CXO Today noted that Anthropic’s leadership has boasted about automating much of its internal software development — which, if the internal model is Mythos-grade, makes the irony of “AI leaked itself” even more pointed.

The Bigger Pattern: AI as Internal Infrastructure

This is no longer a hypothetical or a PR stunt. Built In’s analysis describes how Claude Code reached $1 billion in run-rate revenue just six months after general availability, driven largely by enterprise teams who adopted the Anthropic-eats-its-own-dog-food model internally. The product validated itself by being the product.

The implication is structural: Anthropic has created a recursive engineering loop. Claude builds tools. Those tools are used to train and evaluate better Claudes. Better Claudes build better tools. Mythos, if as capable as advertised, represents a potential step-change in that loop — one that would make every subsequent public product inherently more powerful, even if end users never interact with Mythos directly.

Part III: Is Mythos Being Used to Improve Older and Future Models?

What “Self-Improvement” Actually Means in Practice

The term “AI self-improvement” conjures science fiction. The reality is more bureaucratic, but no less significant. There are several well-established mechanisms by which a more capable model improves its successors — and Mythos is positioned to exercise all of them.

Synthetic data generation is perhaps the most immediate. A more powerful model generates higher-quality training examples — code, reasoning chains, step-by-step instructions, annotated problem solutions — that can be used to fine-tune smaller or future models. This is already a standard industry practice. If Mythos is generating synthetic training data for Haiku- and Sonnet-class models, the quality of those models quietly improves without a single new human data point entering the pipeline.

Constitutional AI and RLAIF represent a second mechanism. Anthropic pioneered Constitutional AI, where one model critiques and refines the outputs of another — a technique that forms the backbone of how Anthropic trains for safety and helpfulness. If Mythos is now serving as the “judge” model in Anthropic’s reinforcement learning pipelines, every model in the lineup benefits from Mythos-level oversight. The feedback signal becomes sharper, the alignment more precise, the outputs more reliable.

Red-teaming and safety evaluation offer a third avenue. Mythos’s extraordinary cybersecurity capabilities — the same ones that alarmed Anthropic’s own team — make it an obvious choice for internal red-teaming: having the model attempt to break, manipulate, or jailbreak existing Claude models to identify weaknesses before those weaknesses can be exploited externally.
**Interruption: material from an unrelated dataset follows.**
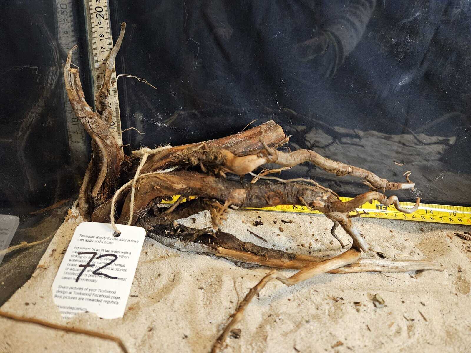 Placera som blickfång och komplettera med stenar, sand eller mindre grenar för att efterlikna flodbankar eller översvämmad skog. Förberedelse av roten innan användning Innan du placerar Tuskwood i akvariet rekommenderar vi att du sköljer och borstar igenom roten med vatten och en borste (t.ex. en diskborste) för att avlägsna löst organiskt material från torvmossen. Tuskwood är naturligt flytande när den är helt torr och behöver absorbera vatten innan den sjunker av sig själv. Det finns två vanliga metoder: 1 Vattensänkning

The safer and more robust Opus 4.6 became before its February 2026 release, the more likely it is that a capable internal model was used to stress-test it.
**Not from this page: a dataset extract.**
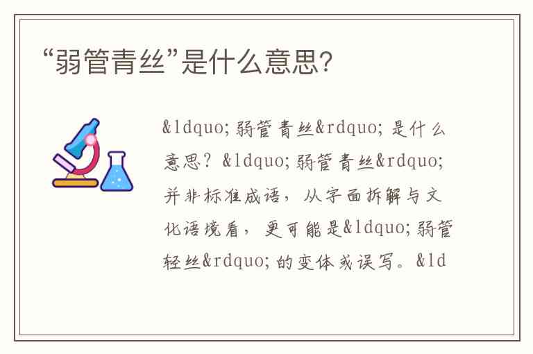 “弱管青丝”并非标准成语,从字面拆解与文化语境看,更可能是“弱管轻丝”的变体或误写。“弱管轻丝”是形容乐声轻柔细弱的成语,其中“弱管”指轻柔的管乐器(如笛子、箫),“轻丝”原指琴弦(因古代琴弦常用丝线制成),合起来描绘音乐如丝管合奏般细腻缠绵。唐代刘长卿《幽琴》诗中“飀飀青丝上,静听松风寒”,便以“青丝”代指琴弦,可见这一意象在古典文学中早有使用。

The Capybara Tier and Model Distillation

The leaked document described Capybara/Mythos not just as a top-tier public model but as a new class of model — one “larger and more intelligent than our Opus models.” This language is significant for what it implies about its role in the broader model hierarchy.

In machine learning, it’s common to train a very large “teacher” model and then use its outputs to distill a smaller, faster, cheaper “student” model. The student inherits capabilities it couldn’t have developed from scratch at its parameter count. If Mythos, at 10 trillion parameters, is serving as the teacher, every future Sonnet and Haiku model could be a Mythos-distilled artifact — carrying capabilities far beyond what their size would naively suggest.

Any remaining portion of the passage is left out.